CaptureToday’s WSJ Op Ed page is devoted to “Ideas for Renewing American Prosperity” provided by many different luminaries (who were asked to propose one change in American policy, society or culture to revive prosperity and self-confidence), such as:

  • George Shultz, Return to Constitutional Government, meaning that “the president governs through people who are confirmed by the Senate and can be called upon to testify by the House or the Senate at any time. They are accountable people,” as opposed to unaccountable White House aids.
  • Heather MacDonald, Encourage Two-Parent Families. “Children raised by single mothers fail in school and commit crime at much higher rates than children raised by both parents. Single-parent households are far more likely to be poor and dependent on government assistance. But far more consequential is the cultural pathology of regarding fathers as an optional appendage for child rearing.”
  • George Gilder, Listen to Peter Drucker on Regulations. “At least half the bureaus and agencies in government regulate what no longer needs regulation.” We need “a new principle of effective administration under which every act, every agency, and every program of government is conceived as temporary and as expiring automatically after a fixed number of years.”
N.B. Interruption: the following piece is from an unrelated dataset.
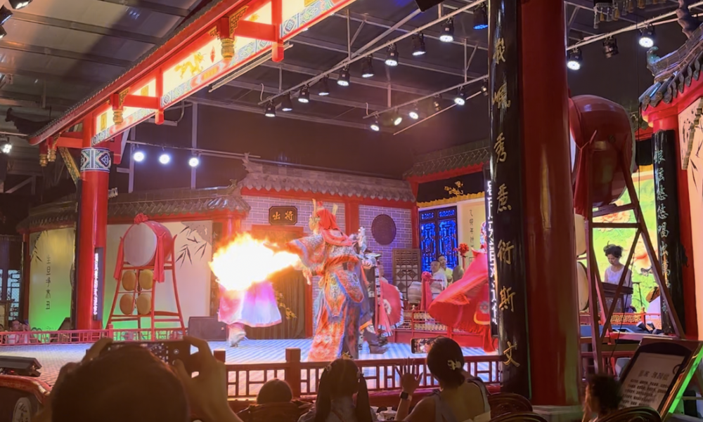 也是那段时间,我在抖音刷到成都人在水上打麻将的视频,为了避暑,他们把麻将桌搬到水上,在树荫下打麻将。回到小红书,我又看到成都人喝茶听曲儿的场景,茶馆木桌木椅,灰砖墙,店员穿着棉质长袍,高高举起长嘴壶给客人填茶,客人磕着瓜子,看台上演员张着双臂表演变脸。

  • Sheila Bair, Find a Better Way to Tax the Rich. “By eliminating corporate income taxes, we would ease pressure on U.S. wages, bring back jobs and repatriate an estimated $2 trillion in profits stashed elsewhere. … It would be smarter to tax corporate profits once, at the shareholder level, and apply the same, higher rates to capital gains and dividends that apply to us working stiffs.”

These sentiments are really just non-ideological common sense.  They might seem to be overly idealistic but are, nevertheless, quite doable if enough of our national leaders would just make them a priority.  This is why we so badly need independent-minded non-partisans in national office!